**PROBLEM REQUIREMENTS**
The material below holds pictures, which are to be left out; copy exactly the lines from the one with "한국국제정치학회가 ‘복합 다중" through the one with "富光 大容量不锈钢 男女大号过滤真空杯带盖防漏680ML直身杯 (金色)".

**RECORDS SUPPLIED**

◆ ◆ ◆ ◆ ◆

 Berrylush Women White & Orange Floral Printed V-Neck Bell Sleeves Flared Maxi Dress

◆ ◆ ◆ ◆ ◆

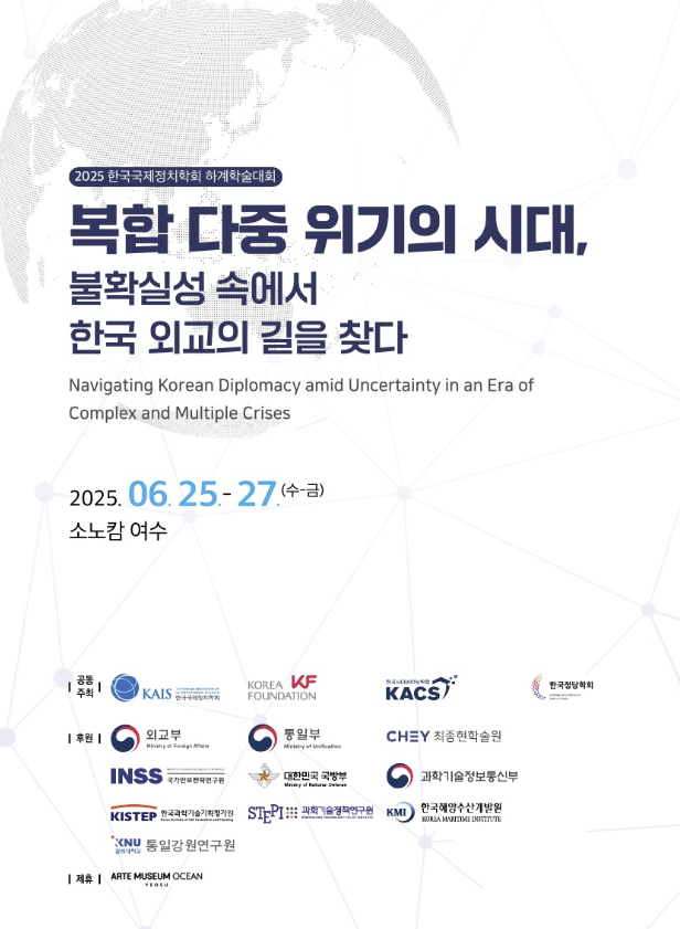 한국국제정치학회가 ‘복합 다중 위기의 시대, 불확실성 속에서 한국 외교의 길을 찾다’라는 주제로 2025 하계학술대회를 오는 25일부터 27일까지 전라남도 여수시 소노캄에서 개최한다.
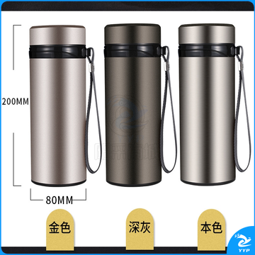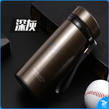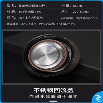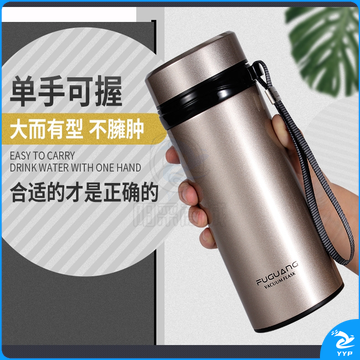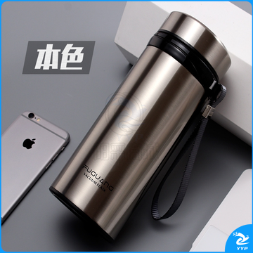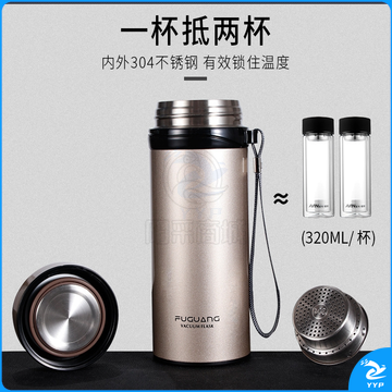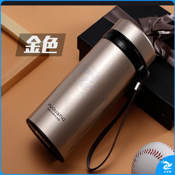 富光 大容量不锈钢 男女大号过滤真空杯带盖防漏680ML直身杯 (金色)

◆ ◆ ◆ ◆ ◆

**TASK ANSWER**
 한국국제정치학회가 ‘복합 다중 위기의 시대, 불확실성 속에서 한국 외교의 길을 찾다’라는 주제로 2025 하계학술대회를 오는 25일부터 27일까지 전라남도 여수시 소노캄에서 개최한다.
 富光 大容量不锈钢 男女大号过滤真空杯带盖防漏680ML直身杯 (金色)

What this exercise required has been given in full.